In enterprise environments complex call flows such as call forwarding, music on hold or call parking are used much more often then in residential scenarios. This means that an enterprise SBC will have to deal with more complex call flows than a UNI or NNI SBC.

Further, one PBX will be providing VoIP service for more than one subscriber. A residential subscriber sends a single REGISTER request to inform the registrar server at his VoIP operator about its contact information. Using the same approach in an enterprise scenario would mean that a PBX has to possibly send hundreds if not thousands of registration messages depending on the number of served users in the enterprise. To avoid this avalanche of registrations the specification listed in [14] recommends either using static registrations or registration for multiple phones [14]. With the static registration, the registrar server of the VoIP operator would be pre-configured with the address of the PBX and the SIP addresses served by this PBX.

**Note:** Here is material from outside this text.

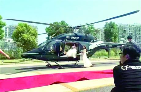 有圍觀市民表示,這對(duì)新人用直升機(jī)迎親,是為了討口彩“緣分從天而降”。
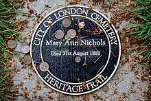 Mary Ann Nichols grave marker at City of London Cemetery and Crematorium, with a number of British pre-decimal and decimal pennies and an American one cent coin left by visitors

An SBC on the border of the enterprise network will have to support not only the general SIP specifications described in [4] but also the recommendations for connecting enterprises to an operator, see [14]. Further, an enterprise SBC would be expected to support the following:

  • Topology hiding: The primary purpose of an enterprise SBC would be to hide the contact information of the PBX from the rest of the world.
  • NAT traversal: In case there is a NAT between the PBX and the SBC then the enterprise SBC can offer NAT traversal support. In general one could, however, expect the enterprise SBC to act as a NAT. This is achieved by having two interfaces at the SBC with one of them private and the other public with the PBX connected to the SBC over the private one. The SBC would use its public address to communicate with the operator. Unlike NATs which only mangle the IP addresses in the IP headers, the SBC will use its public IP address in the contact, routing and body parts of the SIP message.
  • Denial of service and overload protection: Enterprises can also become the targets of DoS attacks. Hence, appropriate mechanisms for detecting malicious behavior are needed. Further, [14] recommends using TLS or IPSEC for securing the communication with the operator.
  • Regulatory features: Enterprises do not offer public services and hence there is no need to support lawful interception.
  • Access control and fraud prevention: In order to protect the PBX, an enterprise SBC should only accept calls arriving over a secure connection established with a trusted VoIP operator.
  • Interoperability mediation: An enterprise SBC will communicate with a small number of components. Namely the enterprise PBX and the border elements of one or more VoIP operators. In general one could expect to clarify any interoperability issues on the SIP content level before connecting to a VoIP operator. As this is not always possible having some level of support for the mediation of SIP content in an enterprise SBC is desirable.
  • Capacity: The expected capacity of an enterprise SBC will depend on the size of the enterprise. This might range from a single digit number of users up to thousands. 

5       So SBCs Aren’t Evil After All?

Session border controllers have become an integral part of VoIP solutions. Operators and enterprises deploy SBCs to secure their VoIP infrastructure and control the access to VoIP services.

So does this mean that the SBCs don’t have any disadvantages?

SBCs break the end-to-end nature of SIP. As the SBCs work as B2BUAs they need to understand the received messages. This means that updates to SIP in terms of new SIP calls flows, headers and requests can often not be deployed until the deployed SBCs are upgraded to understand these updates. This can be a big obstacle in terms of innovation and establishes a new walled garden around VoIP deployments.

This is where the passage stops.